The man has been bent and bowed by the figurative weight of responsibility on his shoulders. A life of work is all he knows, and he bears the "burden of the world." His life, nothing but toil, has "made him dead to rapture and despair" so that he has become a "thing that grieves not and that never hopes." Toil is his entire life, to the point that he does not even feel—what would be the point of feeling? It does not lessen one's burden or lighten one's work. He is almost an animal, "a brother to the ox," because he has been stripped of his humanity. We are meant to do so much more than work. The "light within this brain" has been blown out, and he seems, no longer, to resemble the "Thing the Lord God made and gave / To have dominion over sea and land." He is no master now. He feels no "passion," and he asks no questions of the "heavens." Out of all the things a person is capable of doing, he only does one: work. He is a "Slave of the wheel of labor" and no more. He does not think or wonder or dream. His "aching stoop" signifies the tragedy of his lowly condition when he might have been, and should have been, so much more.

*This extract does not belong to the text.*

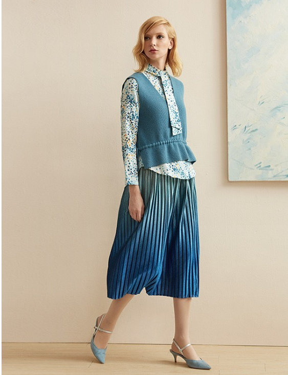 蓝色针织背心,在秋季穿背心的人很多,一款衬衫+一件针织背心或者毛衣背心效果就很不错,衬衫可以选择花色的设计,配上一件蓝色背心精致十足,下身一条蓝色渐变色百褶半身裙,拥有个性的体现。

In Markham's "The Man with the Hoe," the man is bent over because of "the weight of the centuries" (line 1) that he bears and because of the weight of the "the burden of the world" (line 4), which presses down upon him. This is a homage and a lament for the working man throughout time, who toiled in the fields or a steel mill, oppressed by the wealthy few, who have through their greed oppressed working people, taken away the light and music in their souls, condemning them to long, grueling days and nights of work, for virtually nothing in return. This poem is based upon a painting of the same name by Jean-Francois Millet. The painting portrays a man who is bent over, working a rocky ground. The plight of the working man has not really changed much throughout history. In spite of modern features such as minimum wage and OSHA regulations, many working people are still bent over metaphorically, if not literally.